_TASK BRIEF_. This calls for a word-for-word copy of all the data, with each picture removed.

_PROVIDED DATA_.
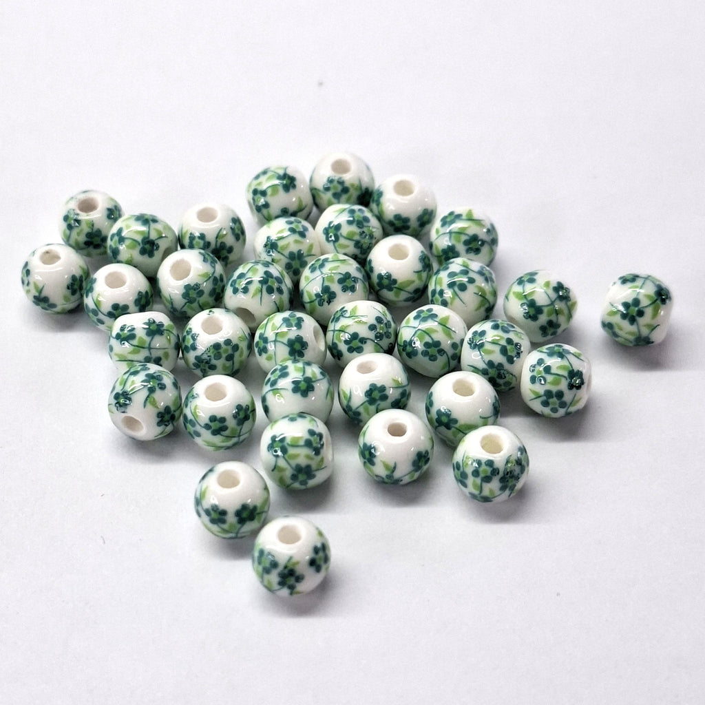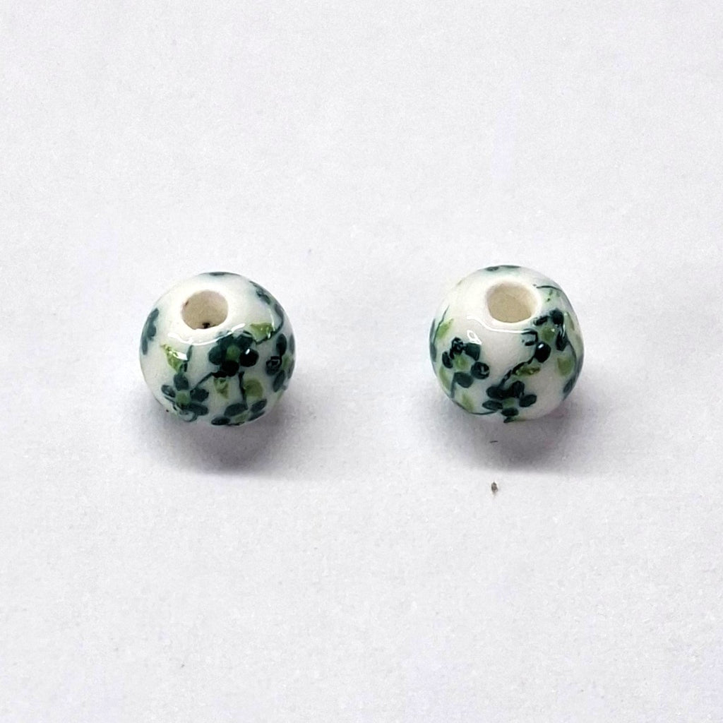 Porcelain Bead 6mm Round Green Handmade Hole 2mm per each
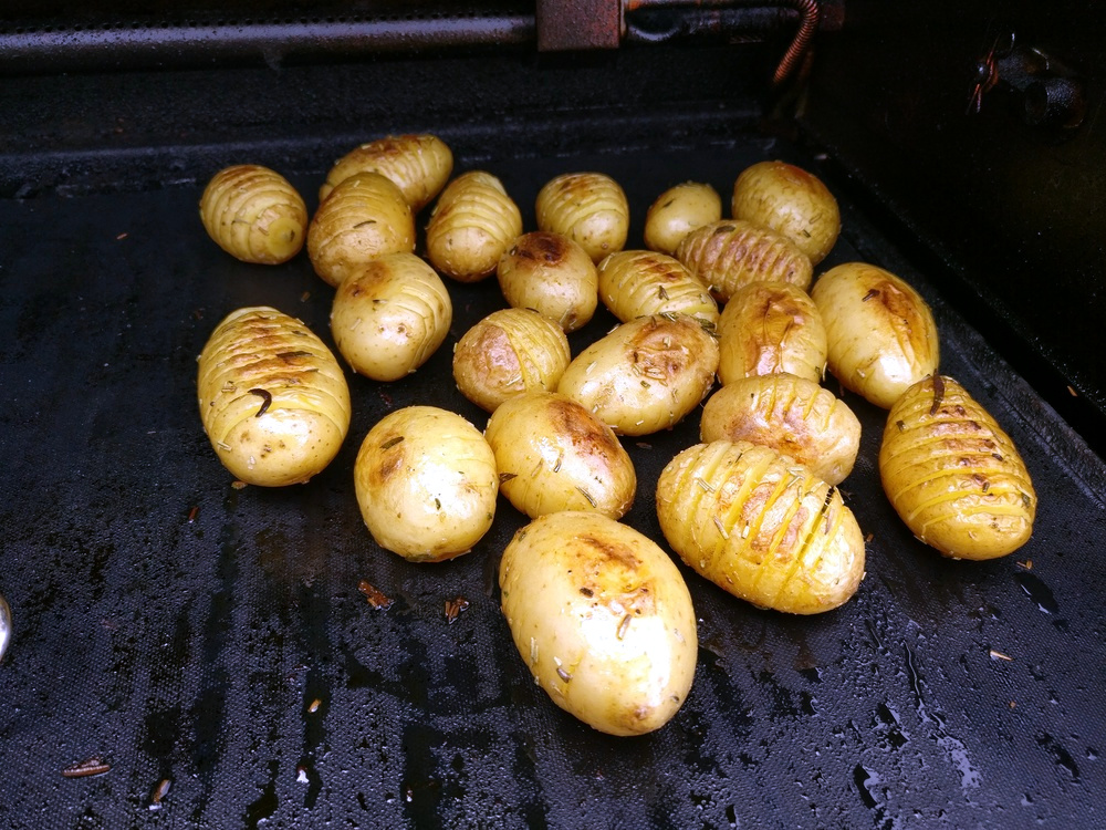 Der Broil King Regal 490 darf mit zwei Brennern auf 2/3 Leistung für zehn Minuten vorheizen. Auf der BBQ-Grillmatte grille ich dann zunächst für 15 – 20 Minuten (je nach Größe der Kartoffeln) die Fächerkartoffeln bei 1/4 Brennerleistung an.
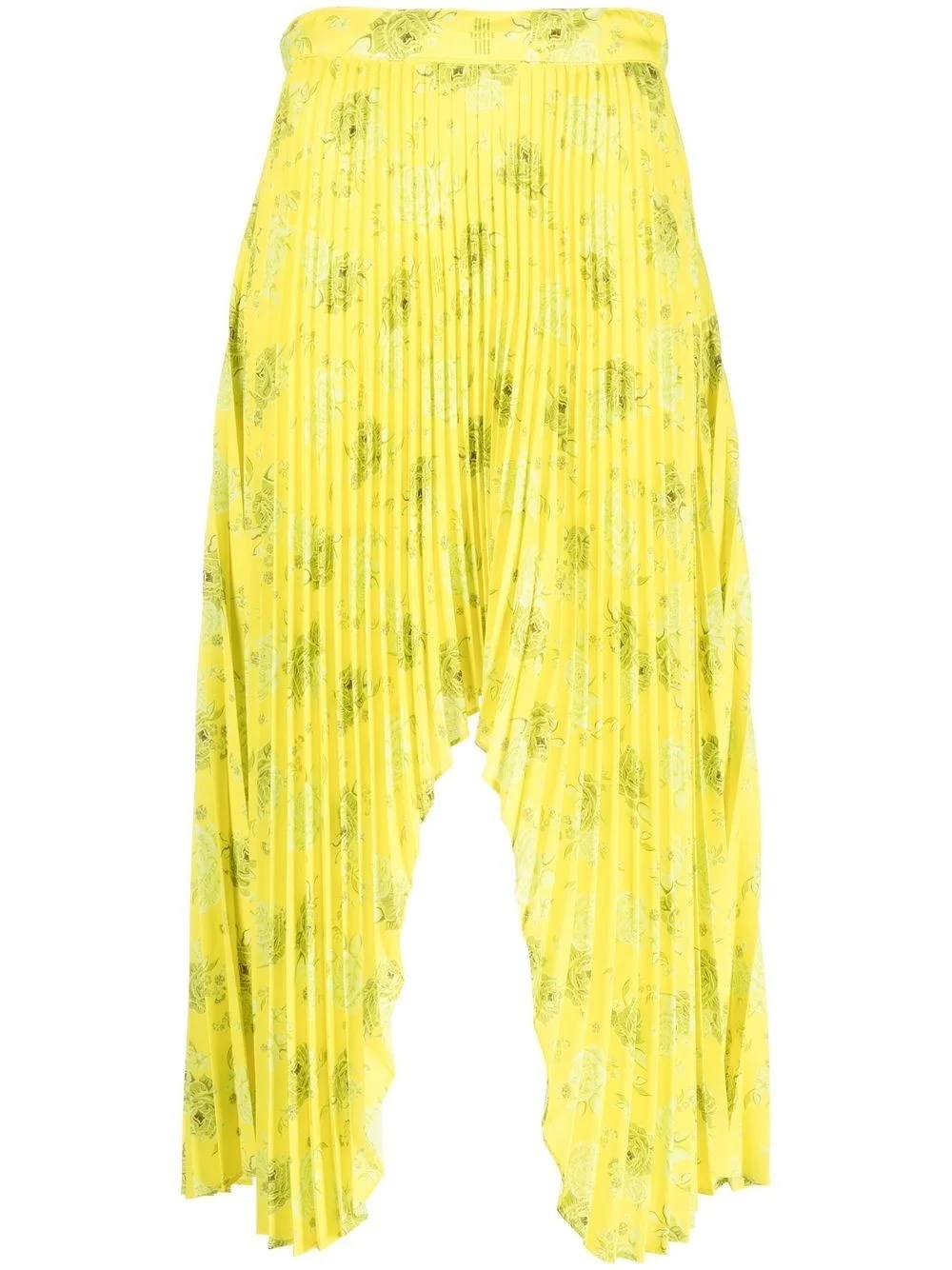 arch pleated midi skirt yellow stretch-design all-over floral print high-waisted pleated skirt asymmetric design mid-length Imported Composition Body: Polyester 100% SIZE & FIT Model measurements Height 5 ft 10 in(1.77 m) Bust/Chest 29.92 in(76 cm) Hips 34.25 in(87 cm) Waist 23.62 in(60 cm) FittingInformation This piece fits true to size. We recommend you get your regular size Designed to be fitted at the waist, loose over the leg Made with a mid-weight non-stretch fabric
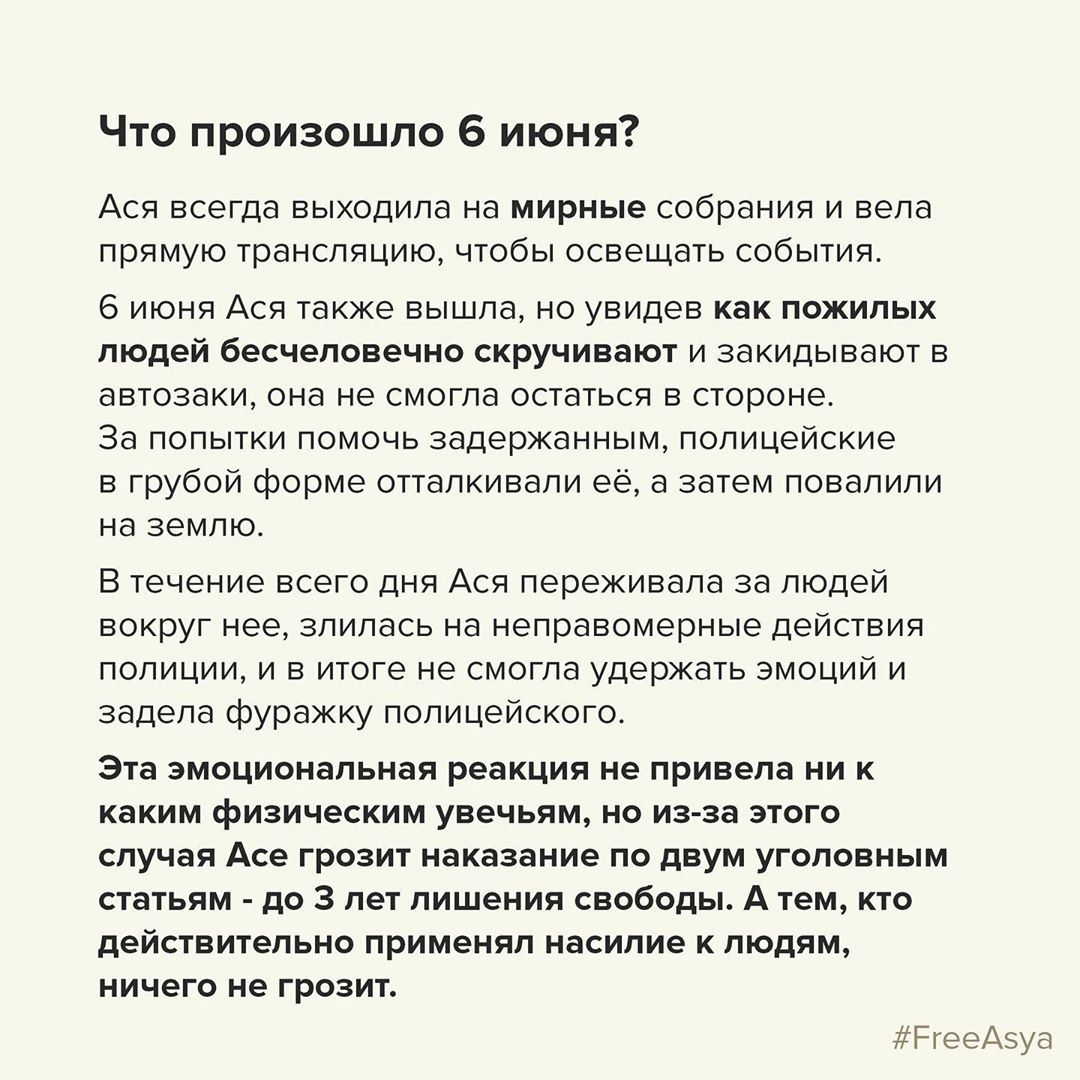 «Что-то изменилось. Не только из-за COVID-19. Что-то очень важное изменилось. Когда мы говорили о деколонизации, предполагалось, что это внутренняя невидимая работа души. Сейчас она стала видимой... А сейчас нашей совести, нашему голосу Асе @miroiu вменяют статью 380 — применение насилия в отношении власти. За то, что она попыталась защитить людей от полиции. Просто остановить насилие.»

_SOLUTION TO THE PROBLEM_.
 Porcelain Bead 6mm Round Green Handmade Hole 2mm per each
 Der Broil King Regal 490 darf mit zwei Brennern auf 2/3 Leistung für zehn Minuten vorheizen. Auf der BBQ-Grillmatte grille ich dann zunächst für 15 – 20 Minuten (je nach Größe der Kartoffeln) die Fächerkartoffeln bei 1/4 Brennerleistung an.
 arch pleated midi skirt yellow stretch-design all-over floral print high-waisted pleated skirt asymmetric design mid-length Imported Composition Body: Polyester 100% SIZE & FIT Model measurements Height 5 ft 10 in(1.77 m) Bust/Chest 29.92 in(76 cm) Hips 34.25 in(87 cm) Waist 23.62 in(60 cm) FittingInformation This piece fits true to size. We recommend you get your regular size Designed to be fitted at the waist, loose over the leg Made with a mid-weight non-stretch fabric
 «Что-то изменилось. Не только из-за COVID-19. Что-то очень важное изменилось. Когда мы говорили о деколонизации, предполагалось, что это внутренняя невидимая работа души. Сейчас она стала видимой... А сейчас нашей совести, нашему голосу Асе @miroiu вменяют статью 380 — применение насилия в отношении власти. За то, что она попыталась защитить людей от полиции. Просто остановить насилие.»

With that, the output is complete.